- ASSIGNED TASK
Set the listing down again in full, word for word, with the pictures left out.

--- RAW DATA Enclosed Below ---

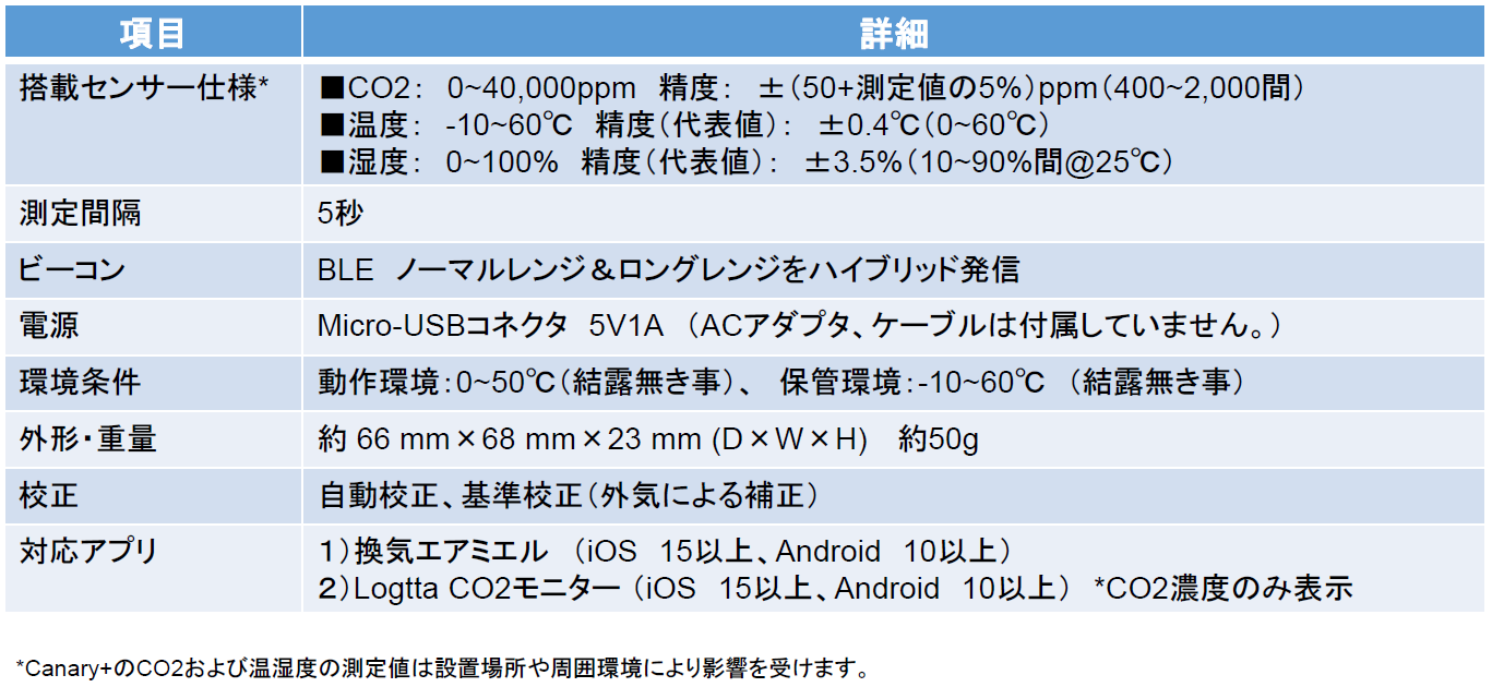 当社は2017年から高性能のCO2センサーの開発・販売を手がけ、保育園や幼稚園などでのインフルエンザ感染予防対策としてCO2濃度を換気の指標として活用する事をご提案させていただいております。Canary+はより多くの一般の方にもご利用いただけるよう小型化、軽量化、低コスト化した新製品です。
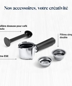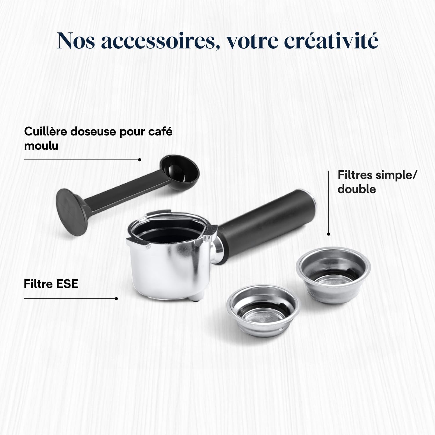 - SUPPORT DE PORTE-FILTRE FLEXIBLE : Avec des inserts pour 1 ou 2 tasses ainsi que pour les dosettes de café ESE – le filtre est amovible
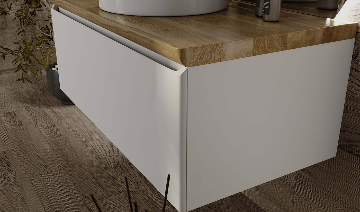 Благородная поверхность столешницы из натурального дерева подчеркивает современную ценность природных материалов. Оригинальная форма столешницы с мягкими радиусными линиями придает изысканность и респектабельность тумбе, а интегрированная ручка завершает лаконичный образ. У тумбы есть дополнительный скрытый ящик, который увеличивает место хранения. Ручная обработка деревянной столешницы специальным лаком обеспечивает влагостойкость и придает внешний вид свежеспиленного дерева. Матовая поверхность тумбы подчеркивает мягкость формы и дополняет текстуру дерева.

--- End of Enclosed RAW DATA ---

- RESPONSE AREA
 当社は2017年から高性能のCO2センサーの開発・販売を手がけ、保育園や幼稚園などでのインフルエンザ感染予防対策としてCO2濃度を換気の指標として活用する事をご提案させていただいております。Canary+はより多くの一般の方にもご利用いただけるよう小型化、軽量化、低コスト化した新製品です。
 - SUPPORT DE PORTE-FILTRE FLEXIBLE : Avec des inserts pour 1 ou 2 tasses ainsi que pour les dosettes de café ESE – le filtre est amovible
 Благородная поверхность столешницы из натурального дерева подчеркивает современную ценность природных материалов. Оригинальная форма столешницы с мягкими радиусными линиями придает изысканность и респектабельность тумбе, а интегрированная ручка завершает лаконичный образ. У тумбы есть дополнительный скрытый ящик, который увеличивает место хранения. Ручная обработка деревянной столешницы специальным лаком обеспечивает влагостойкость и придает внешний вид свежеспиленного дерева. Матовая поверхность тумбы подчеркивает мягкость формы и дополняет текстуру дерева.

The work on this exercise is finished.